What this task involves:
Copy out each line of the listing that has the word "markers" in it.

Working data:
++++++++++++++++++++
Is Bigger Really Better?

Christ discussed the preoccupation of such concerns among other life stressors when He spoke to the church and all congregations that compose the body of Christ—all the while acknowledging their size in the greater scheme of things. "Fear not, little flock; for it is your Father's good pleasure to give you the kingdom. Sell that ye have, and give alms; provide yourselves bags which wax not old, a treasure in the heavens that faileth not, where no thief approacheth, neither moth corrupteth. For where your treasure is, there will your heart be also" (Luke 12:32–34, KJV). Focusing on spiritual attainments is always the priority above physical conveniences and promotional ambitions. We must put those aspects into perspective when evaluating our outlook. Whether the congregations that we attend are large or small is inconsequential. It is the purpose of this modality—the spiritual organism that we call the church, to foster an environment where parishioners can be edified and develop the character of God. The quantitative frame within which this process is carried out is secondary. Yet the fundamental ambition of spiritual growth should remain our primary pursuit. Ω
++++++++++++++++++++
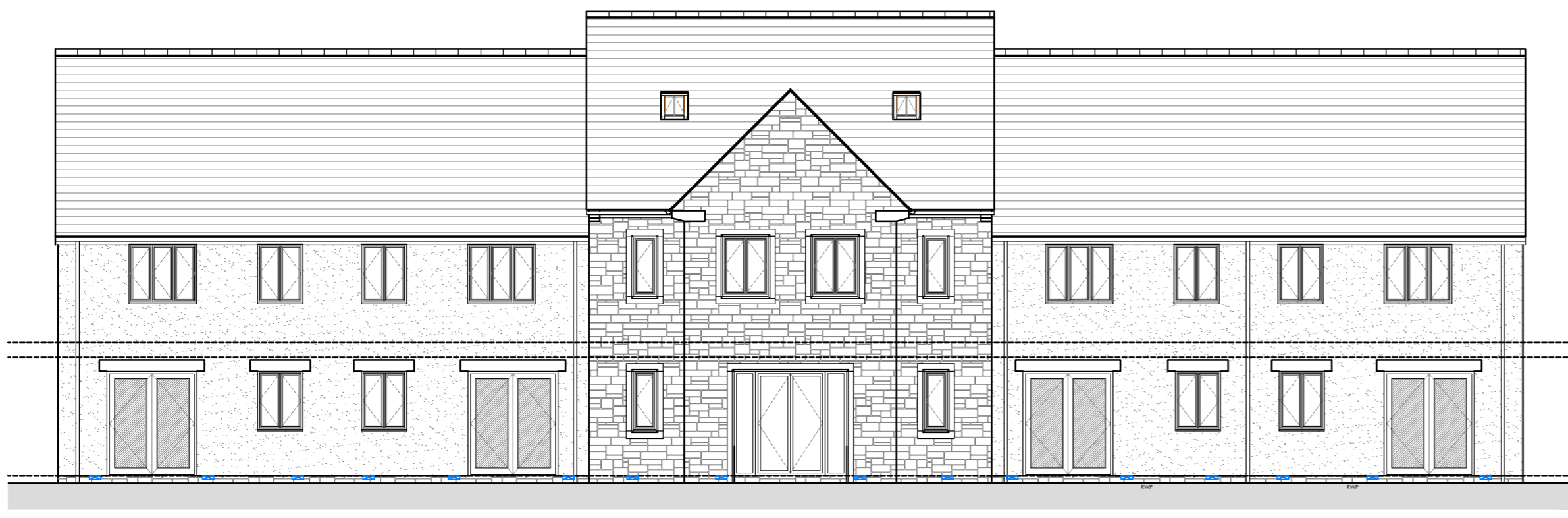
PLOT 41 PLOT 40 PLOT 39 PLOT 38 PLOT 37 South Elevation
++++++++++++++++++++
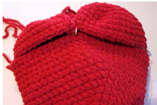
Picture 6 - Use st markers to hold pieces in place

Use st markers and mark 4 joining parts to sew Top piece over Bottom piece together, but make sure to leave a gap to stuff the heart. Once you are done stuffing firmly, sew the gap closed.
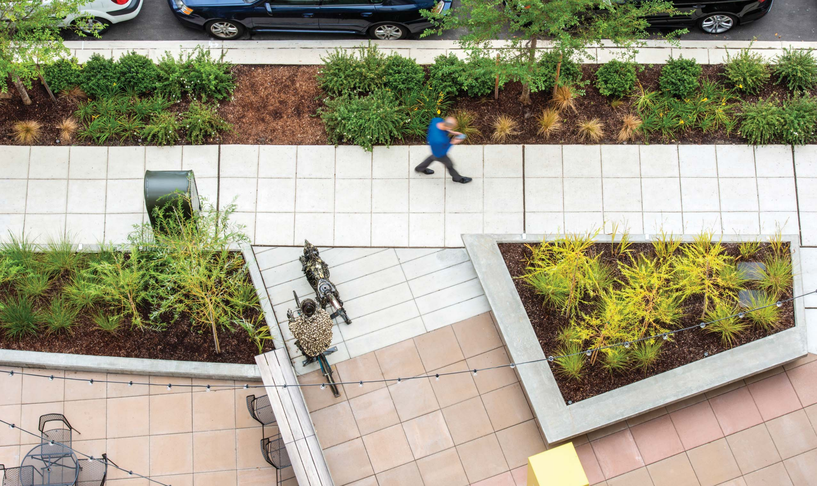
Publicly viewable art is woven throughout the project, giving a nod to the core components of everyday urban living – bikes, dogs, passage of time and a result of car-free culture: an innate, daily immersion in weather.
++++++++++++++++++++
Answer:
Picture 6 - Use st markers to hold pieces in place
Use st markers and mark 4 joining parts to sew Top piece over Bottom piece together, but make sure to leave a gap to stuff the heart. Once you are done stuffing firmly, sew the gap closed.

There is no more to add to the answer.